We are a nation in fear - but this fear is not knew. It is integrated in the soul of the nation. I was hoping that this modern day catastrophe would have been the wake up call for my nation. However the only thing we seem to be learning from this fall is that we will just work even harder. People were already working so much here that almost all children were kept in daycare 9 hours a day from age 1 and a half. We have world record in the use of Ritalin for our kids, and despite the fear we claim we are the happiest nation in the world. We claim we are the least corrupt, we claim we read the most, we are the most optimistic. There is something totally surreal about living on this island. This is why I have always left but there is a strange pull that always lulls me back.

I always thought it was the Icelandic nature who pulled me back. In the last few years I have realized that Iceland is the perfect place to do social experiments. I have often become bitterly disappointed in my nation. However I have also realized that because there are so few people here it is so easy to get access to the people in power. Thus it is quite easy to apply changes by simply implanting ideas in the right places. So I have come to see myself as the person who plants seeds, I have no interest to play the political game, I have no interest in fame, I like the concept of planting seeds at full moon.
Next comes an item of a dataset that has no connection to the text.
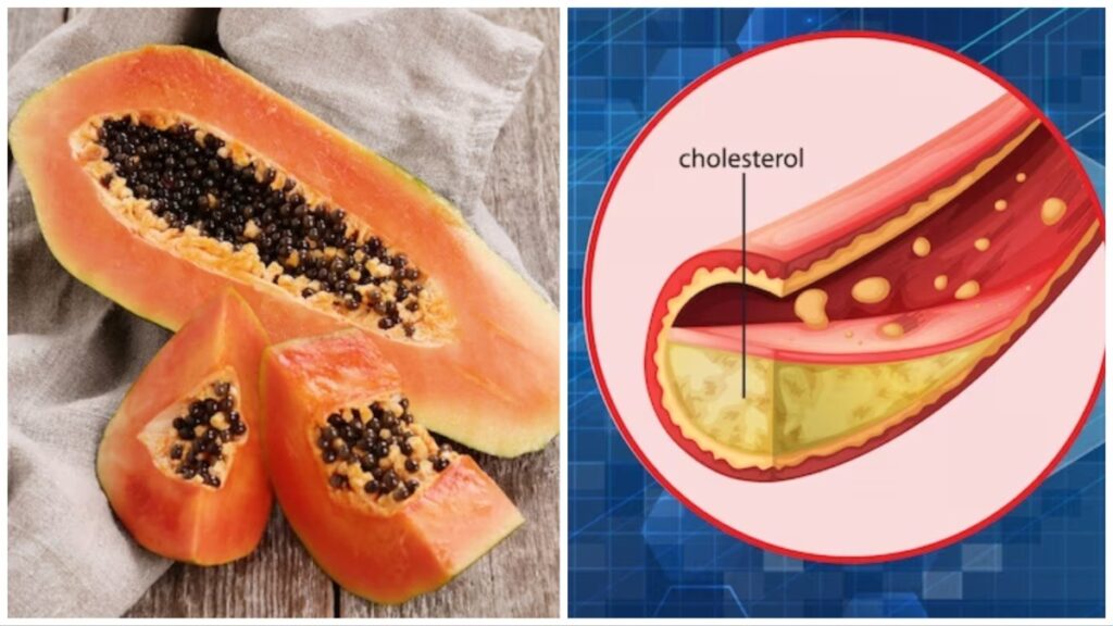 ಬೆಳಗ್ಗೆ ಖಾಲಿ ಹೊಟ್ಟೆಯಲ್ಲಿ ಪಪ್ಪಾಯಿಯನ್ನು ಸೇವಿಸುವುದರಿಂದ ದೇಹದಲ್ಲಿ ಹೆಚ್ಚುತ್ತಿರುವ ಕೊಲೆಸ್ಟ್ರಾಲ್ ಮಟ್ಟ ಕಡಿಮೆಯಾಗುತ್ತದೆ. ಯಾಕಂದ್ರೆ, ಪಪ್ಪಾಯಿಯಲ್ಲಿ ನಾರಿನಂಶವು ಸಮೃದ್ಧವಾಗಿದೆ, ಇದು ಕೆಟ್ಟ ಕೊಲೆಸ್ಟ್ರಾಲ್ಅನ್ನು ಕಡಿಮೆ ಮಾಡಲು ಸಹಾಯ ಮಾಡುವುದಲ್ಲದೇ ಹೃದಯಾಘಾತದ ಅಪಾಯವನ್ನು ಸಹ ಕಡಿಮೆ ಮಾಡುತ್ತದೆ.

When they will sprout is impossible to say - all I can do is to carry on planting seeds.

2 comments:

Kopy Pig said...

It is good to be a planter of seeds in terms of ideas, and if you think you can make a difference doign this then you should most definitely pursue it.

In terms of your community, I believe that it is also very important to pursue it. However, it is a great mistake to believe that your nation is in any way different, it is much better to understand that the people in your nation are not different to people elsewhere in the world - it is just they have different things to respond to.
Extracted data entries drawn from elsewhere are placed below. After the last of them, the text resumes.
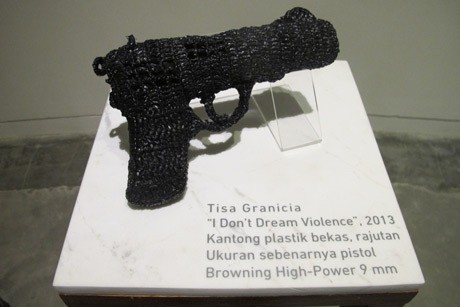 Mengambil bentuk pistol Browning High-Power 9 mmm ini, Tisa menyimbolkan bentuk kekuasaan birokrasi yang kuat tapi lemah di dalamnya. "Ini metafora birokrasi kita."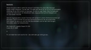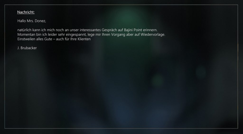 Ich gehe ein paar Schritte zum nächsten Ausrüstungsterminal, als ich Friedrichs Stimme im Ohr habe.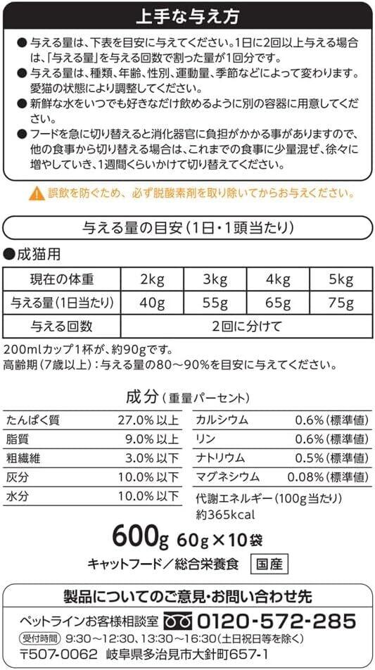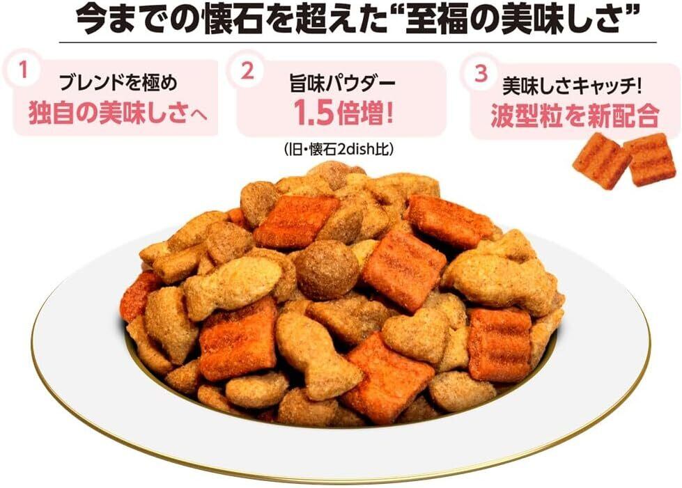 今までの懐石を超える”至福の美味しさ”。お肉とお魚味の粒に、厳選したトッピングを添えて飽きのこない味わいに仕上げました。トッピングされた2種のアルミ蒸着分包が60g×10パック入りで美味しさをキープ。酸化を防ぎ風味を保つ脱酸素剤入り。

You will find that the 'we are different' concept is common in the world and very destructive as it shuts you off from automatically including ideas, help or concepts from elsewhere that may help if you only realised it and applied it to suit your circumstances.

'We are different' becomes synonymous with "Nothing can be done" in the minds of people, and, as you can see in your present situation, nothing gets done about the people who cause the problems. I live in a foriegn land and every day I have to live with "we are different" and as a consequence I see the same mistakes being made, and if I make a suggestion I just get stonewalled with "It's different here" even though I have seen an identical situation with the same kind of people elsewhere.
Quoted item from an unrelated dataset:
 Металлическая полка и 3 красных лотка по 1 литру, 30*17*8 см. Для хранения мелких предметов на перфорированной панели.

Good luck with your endeavor, and keep on writing!

Birgitta Jónsdóttir said...

You are really reading into this something i am not saying - i don´t think icelanders are any different from others - what makes it interesting to live here is the fact that there are so few people living here and thus it is a lot easier to see through the illusion - if you would see some of the work i have done in the past like the world healing book - you would understand that i have been working very hard to go beyond all sorts of borders in our world - we are all in this together:) i just find it easier to get my voice heard here... even if most of my work has always been towards the global community.